9 Things You Should Always Buy at Estate Sales, According to Designers
There’s a reason why so many interior designers love estate sales: They're an absolute treasure trove for antique and vintage home furnishings. Chinese paint brushes, ceramic planters, African masks, a single statement-making chair—you never know what you might uncover.
Not only is estate sale shopping environmentally responsible, but it also unveils items for your home that come with a story you can add to by “repurchasing and refurbishing and refinishing and recovering that which has lasted well and has come before,” says interior designer Corey Damon Jenkins. “It gives an added a layer of richness to the conversation people have in their homes when they are hosting people and having friends [over],” Jenkins says. “It says, ‘I’m going to curate my world versus having it microwaved for me.’”
As you walk through an entire home and lifetime of belongings at a sale, what type of vintage items and antiques should you look for? Here, several interior designers weigh in on what you should always look for at estate sales.

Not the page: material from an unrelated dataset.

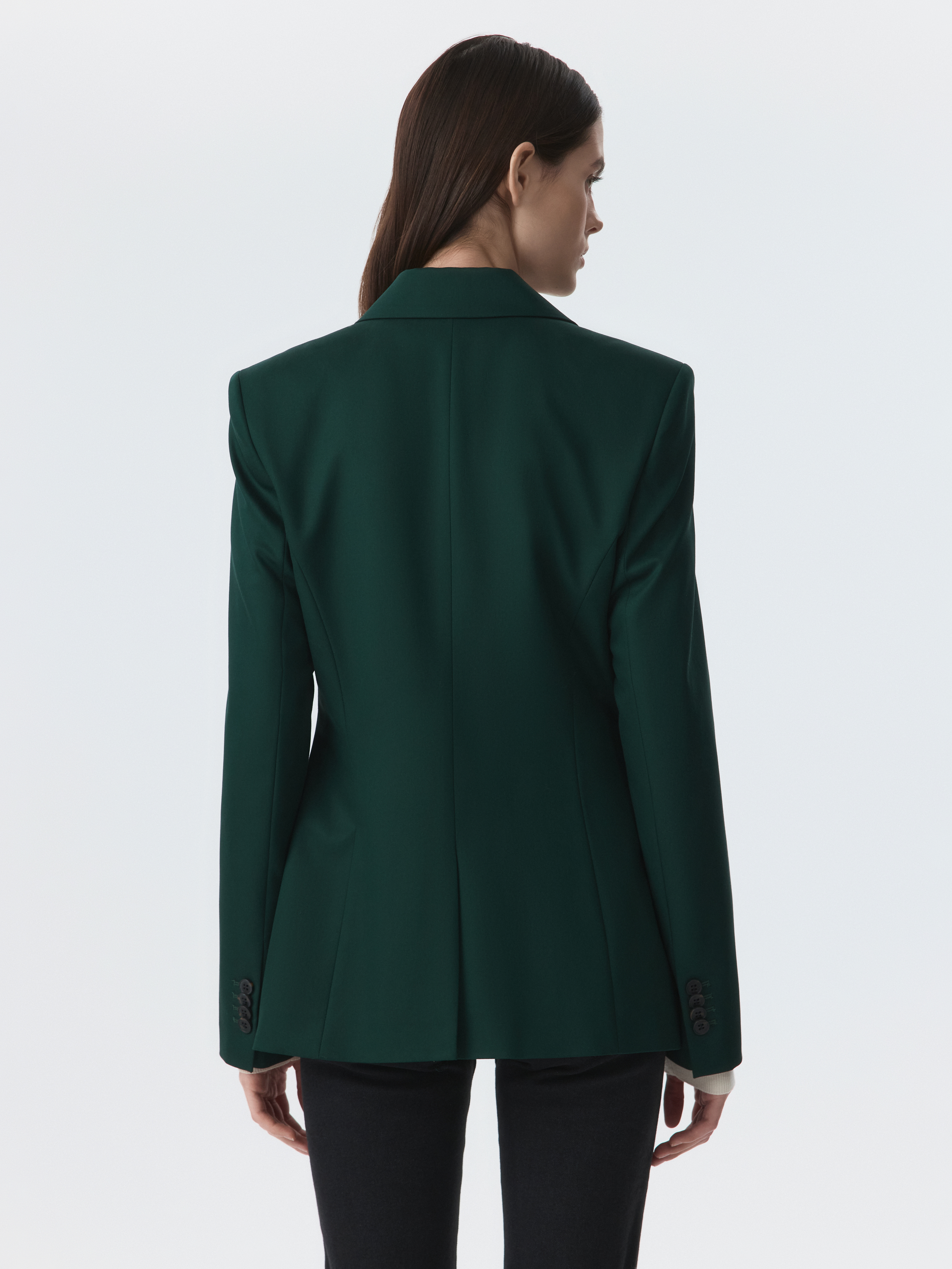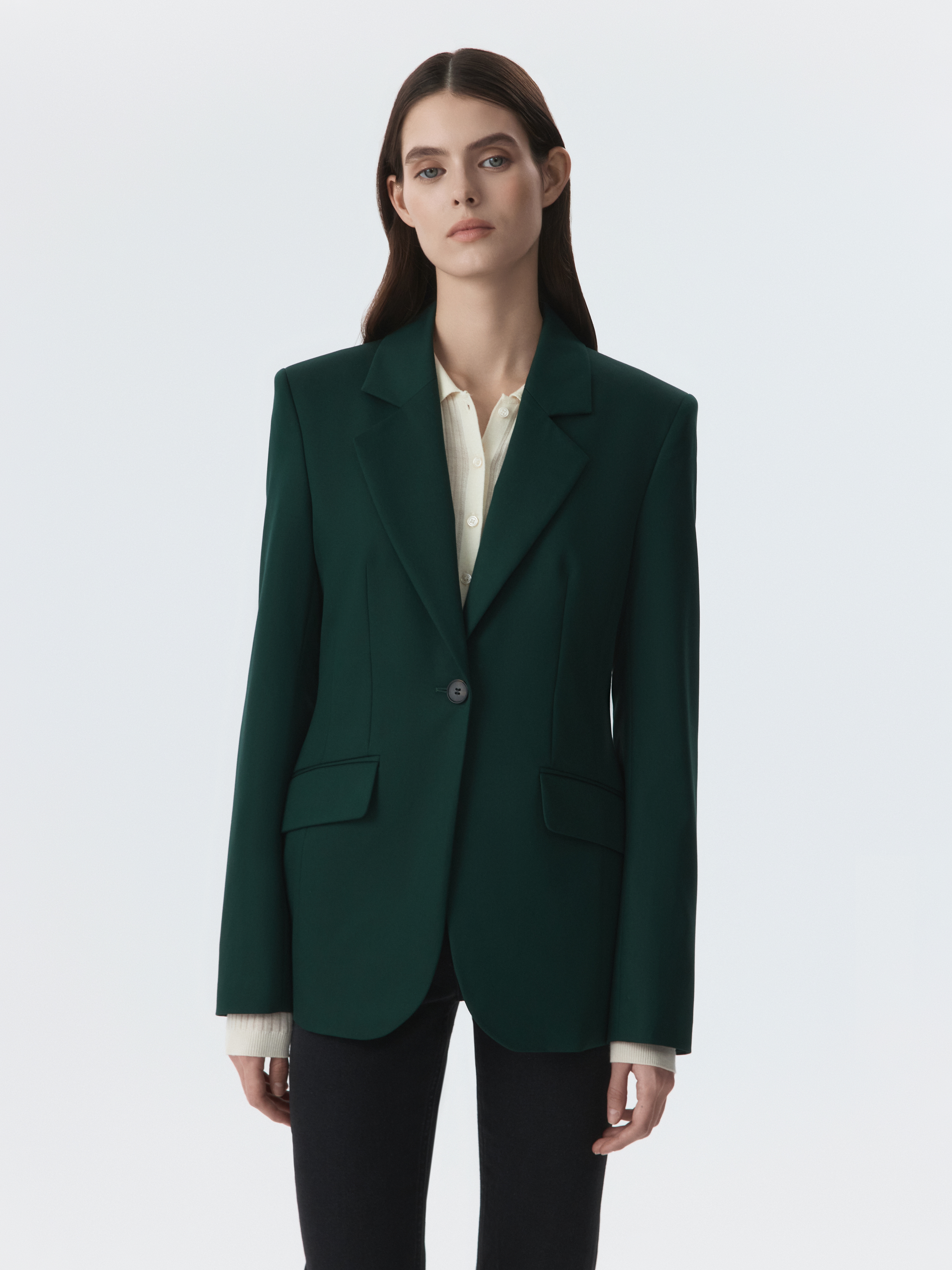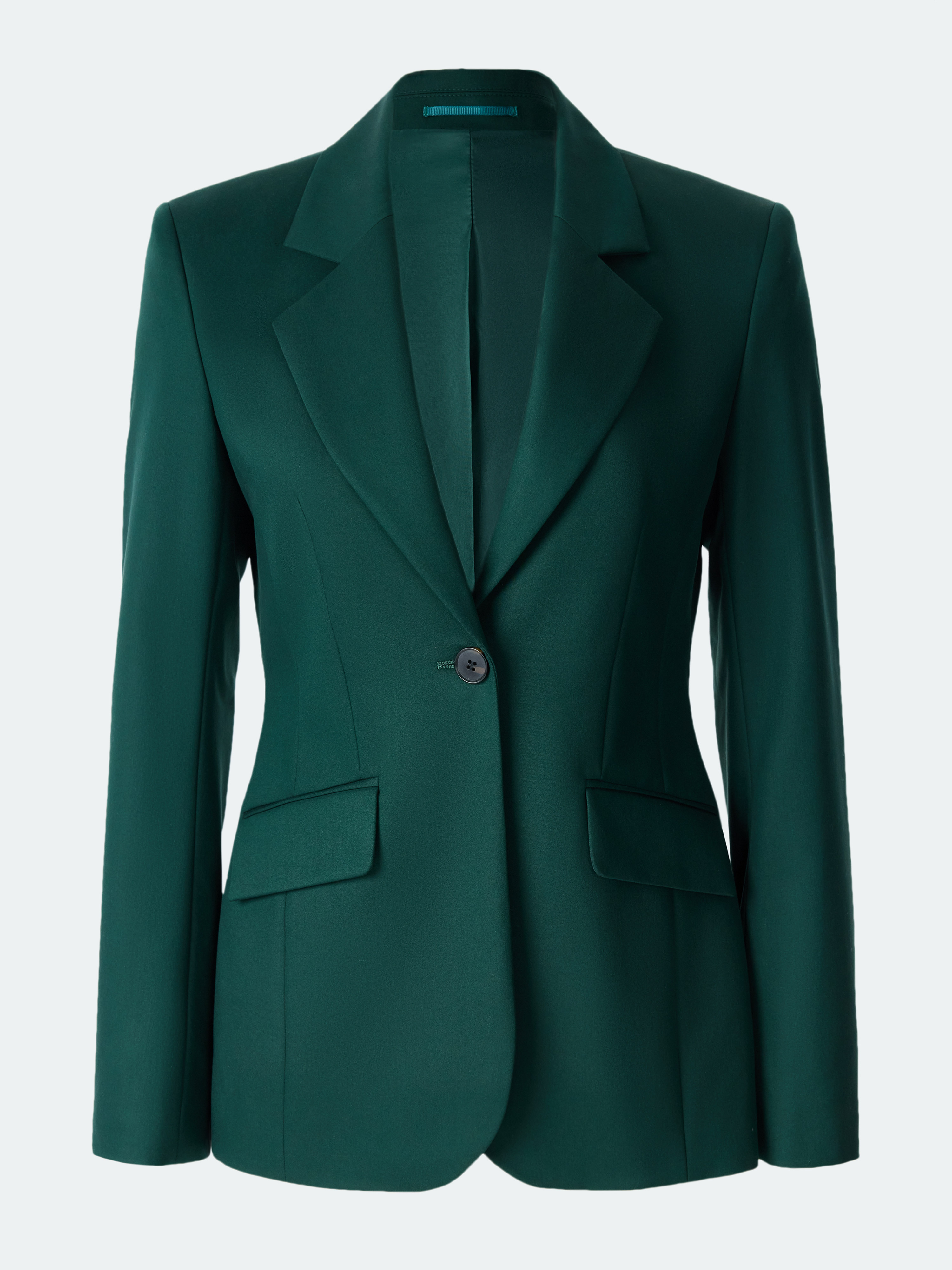 Классический жакет – базовый элемент в деловом гардеробе, но благодаря трендовой расцветке, его легко интегрировать в стиль casual. Симметричные вытачки создают идеальную посадку по фигуре. Однобортный жакет застегивается на металлическую пуговицу для создания эффектного образа.

What to Buy at Estate Sales, According to Designers
Designers' eyes go straight to art at estate sales. “It tells you so much about the tastes and interests of the people who lived there, and it’s usually priced exceptionally low compared to the original purchase price,” says MK Quinlan, an interior designer and personal stylist. “I tend to favor large canvas pieces from the '60s and '70s, but I always make sure to rifle through any stacks of paper pieces as well. You’d be shocked at how fabulous someone’s amateur watercolor looks with a chic frame treatment.”

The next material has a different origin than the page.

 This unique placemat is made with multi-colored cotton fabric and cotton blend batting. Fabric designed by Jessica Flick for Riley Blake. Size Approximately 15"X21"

Krista Stokes, creative and art director for Atlantic Hospitality, rarely pass up a portrait and also keeps her eye out for pen and ink drawings and old photographs and letters. “I’m always so happy to see them to live on,” she says.
Stokes’s also likes to shop at estate sales for the “weird personal things that people collect.” Be it butterflies, gems, little ships, rocks, magnifying glasses, old metal miniature cars, or architectural pieces, she looks for pieces she can place under a cloche or on a bookshelf to “kickstart a conversation.” She adds, “I want to have this arsenal of these things when we style a room.”
If there’s a rug at an estate sale, Stokes also picks it up. “I know they have a history, and back in the day it was something that was really well made,” Stokes says. “I love the color, pattern, story, and quality [of rugs].” Is the rug too big? Does it have a stain? Don’t let it stop you from buying it and having it cut down to fit your space. “They last forever, and they always have a story,” Stokes adds. “They are really resilient and can get cleaned.”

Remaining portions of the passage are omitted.